• **Work order**:
Your output consists solely of the lines from the one that contains "교토 – 전통 거리 속 담백한 시오라멘, ‘라멘 카페 치카게’" to the end of the material, each reproduced exactly; pictures do not belong in it.

• **Records for this task**:
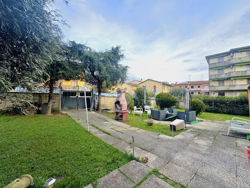 Completa la proprietà un ampio giardino privato di cira 440mq, dotato di cancello carrabile con la possibilità di parcheggiare l’auto all’interno, un garage e una cantina.
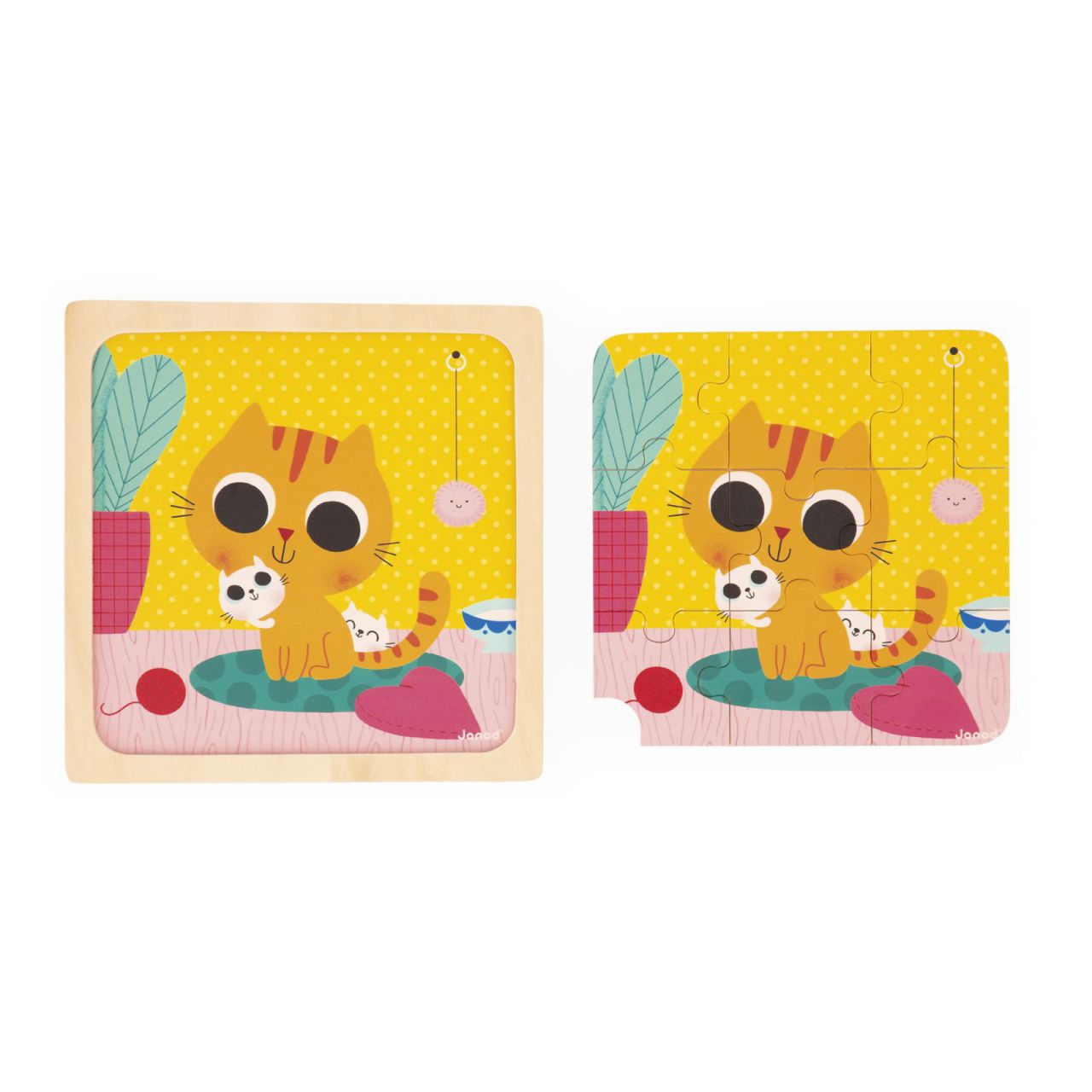 Cada puzle está compuesto por 9 piezas y una muesca que facilita la extracción de las piezas. Debajo de cada puzle, hay un modelo impreso ideal para ayudar a los más pequeños.
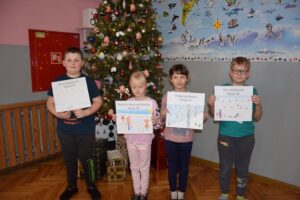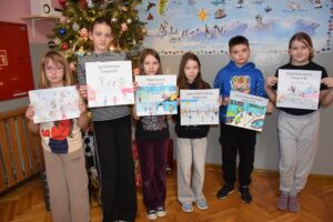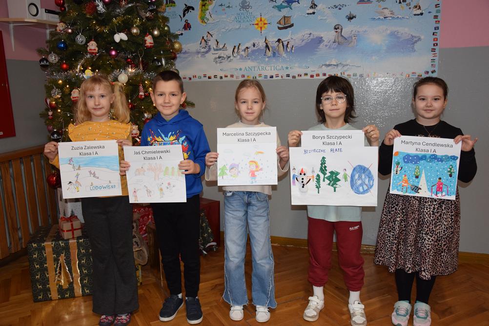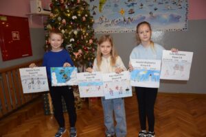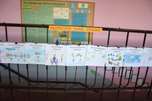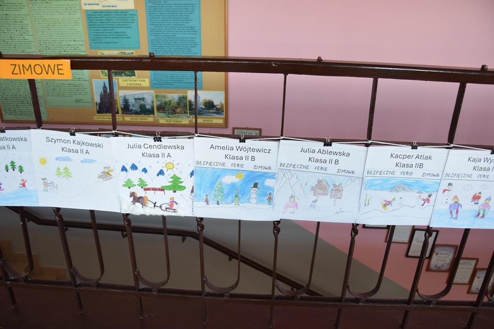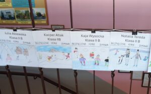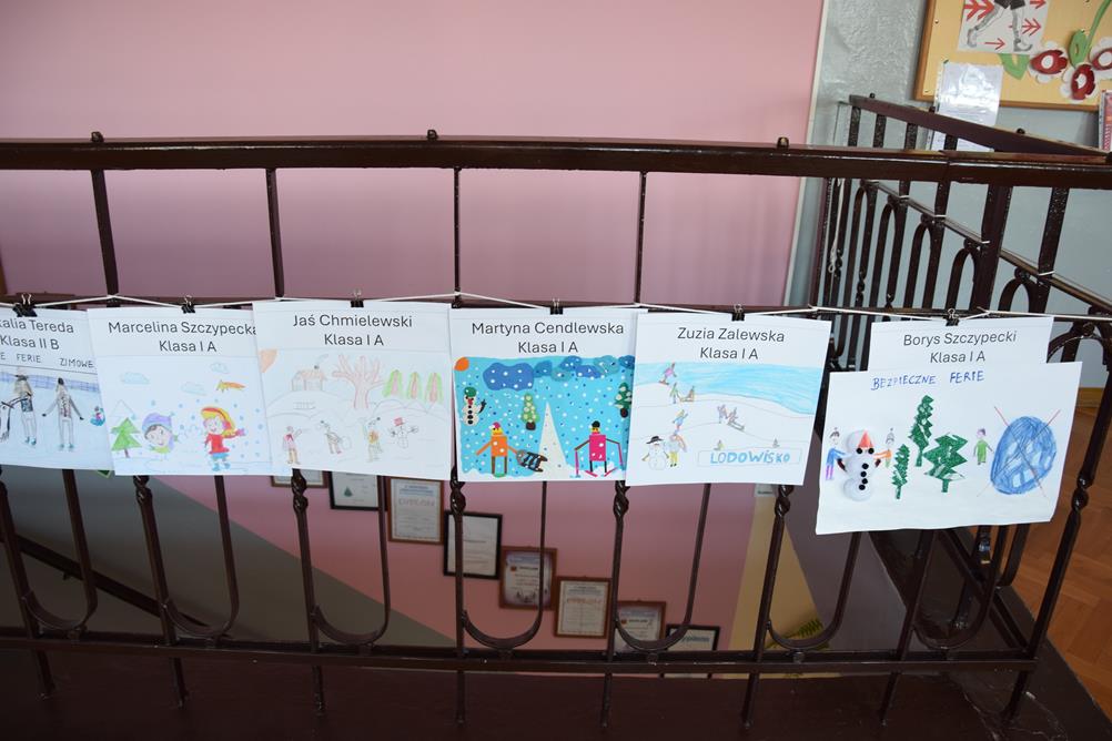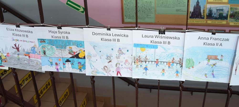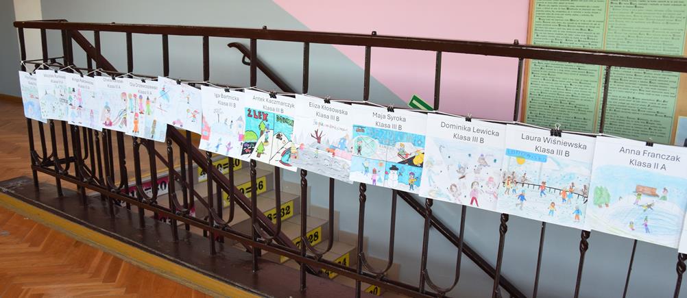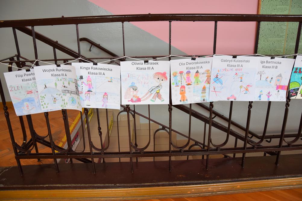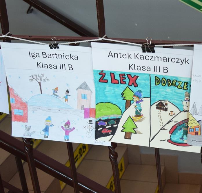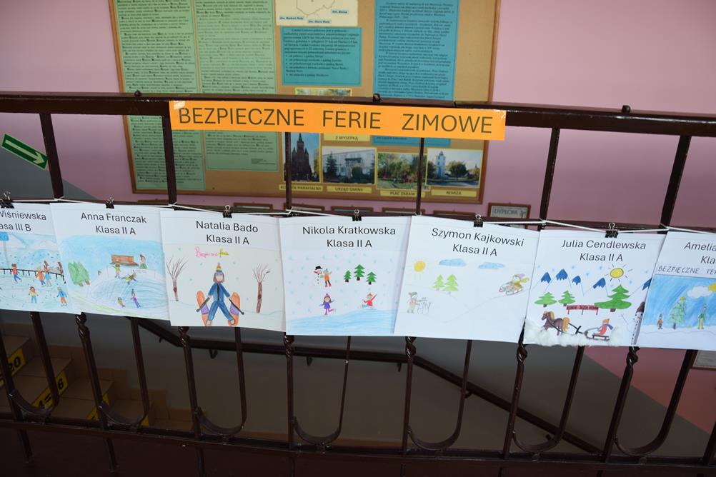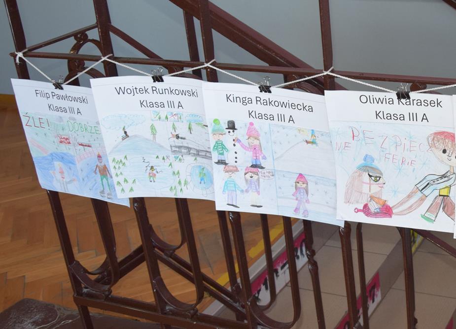Właśnie z myślą o bezpiecznym wypoczynku w klasach I–III zorganizowano konkurs plastyczny pt. „Bezpieczne ferie zimowe”. Uczniowie z wielkim zaangażowaniem i wyobraźnią stworzyli przepiękne prace, pełne mądrych przesłań. Spośród nich wybrano po pięć najciekawszych z każdej klasy, które zostały zaprezentowane na górnym korytarzu szkoły.
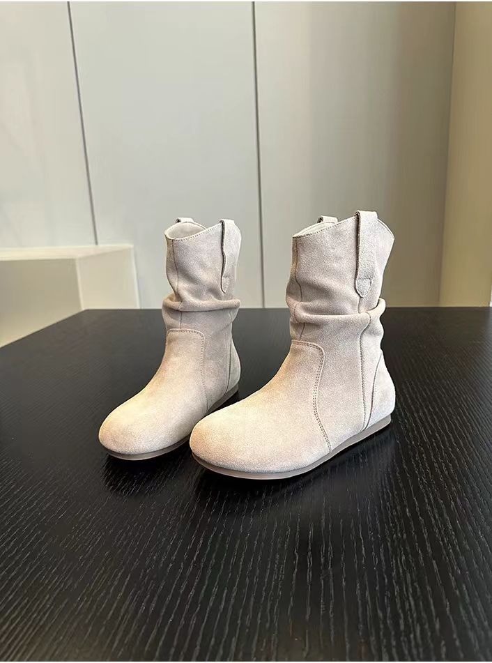 소가죽 버전~ 키높이 레트로 숏부츠 여성용 2025 가을 겨울 웨스턴 마틴 부츠 라운드 토 숏부츠 버켄스토크 스타일 부츠
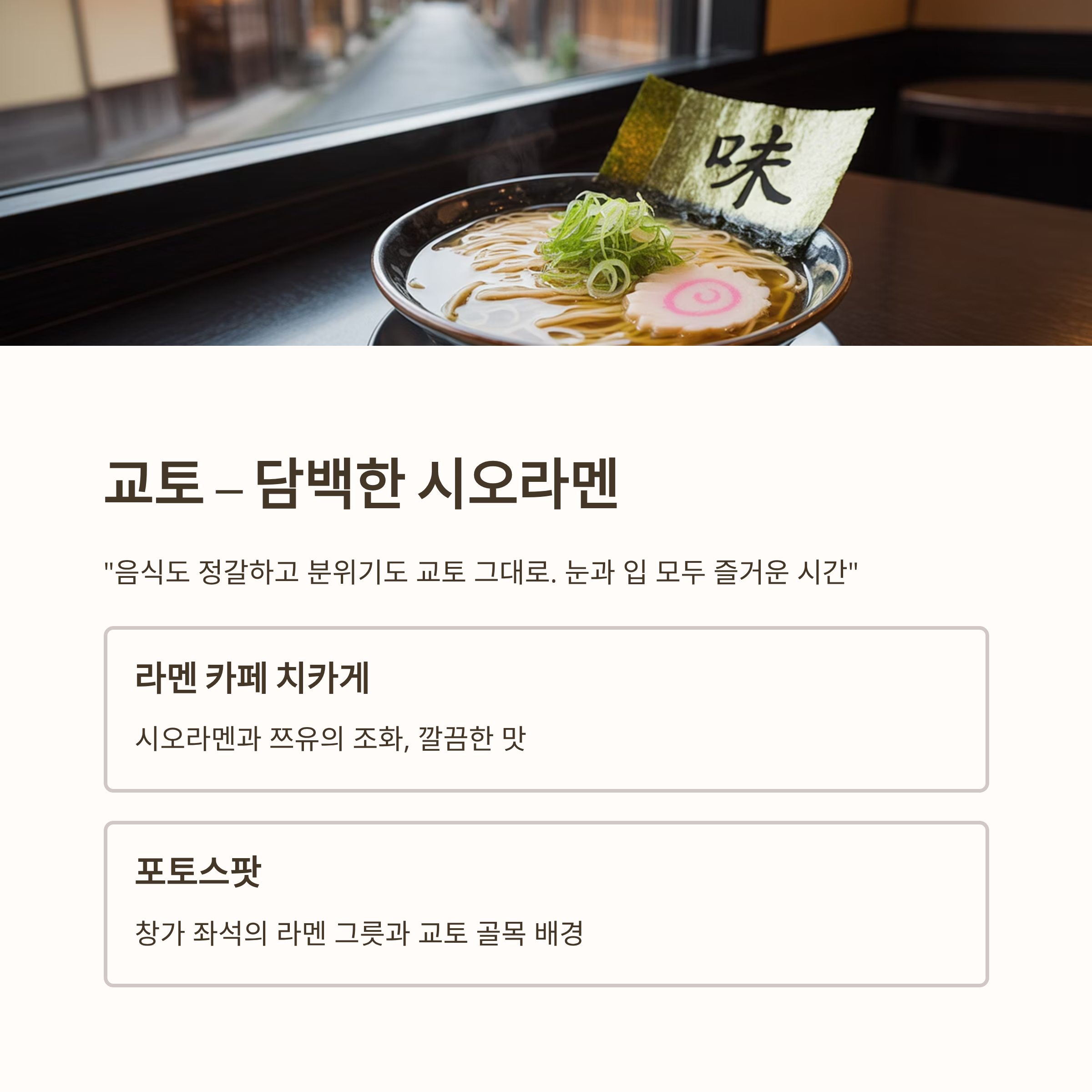 교토 – 전통 거리 속 담백한 시오라멘, ‘라멘 카페 치카게’
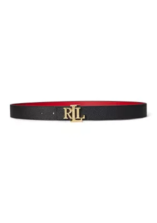 Lauren Ralph Women's Logo Reversible Pebbled Leather Belt
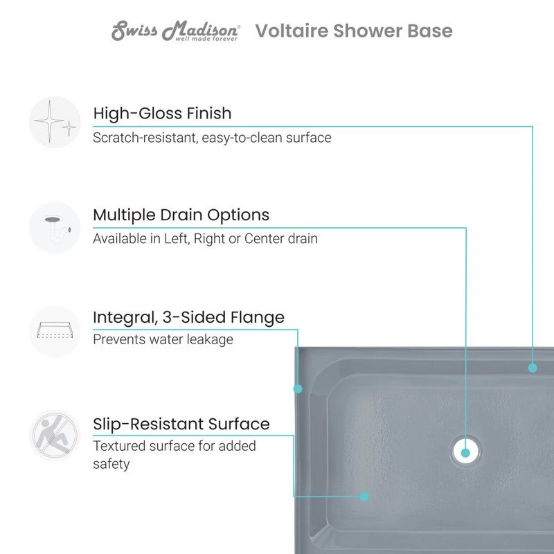 The Voltaire Shower Base is a powerful and stylish statement in any bathroom. Its practical design and low threshold provide easy access to the shower. The durable acrylic and fiberglass reinforcements make the shower base a robust selection.

• **Response to this task**:
 교토 – 전통 거리 속 담백한 시오라멘, ‘라멘 카페 치카게’
 Lauren Ralph Women's Logo Reversible Pebbled Leather Belt
 The Voltaire Shower Base is a powerful and stylish statement in any bathroom. Its practical design and low threshold provide easy access to the shower. The durable acrylic and fiberglass reinforcements make the shower base a robust selection.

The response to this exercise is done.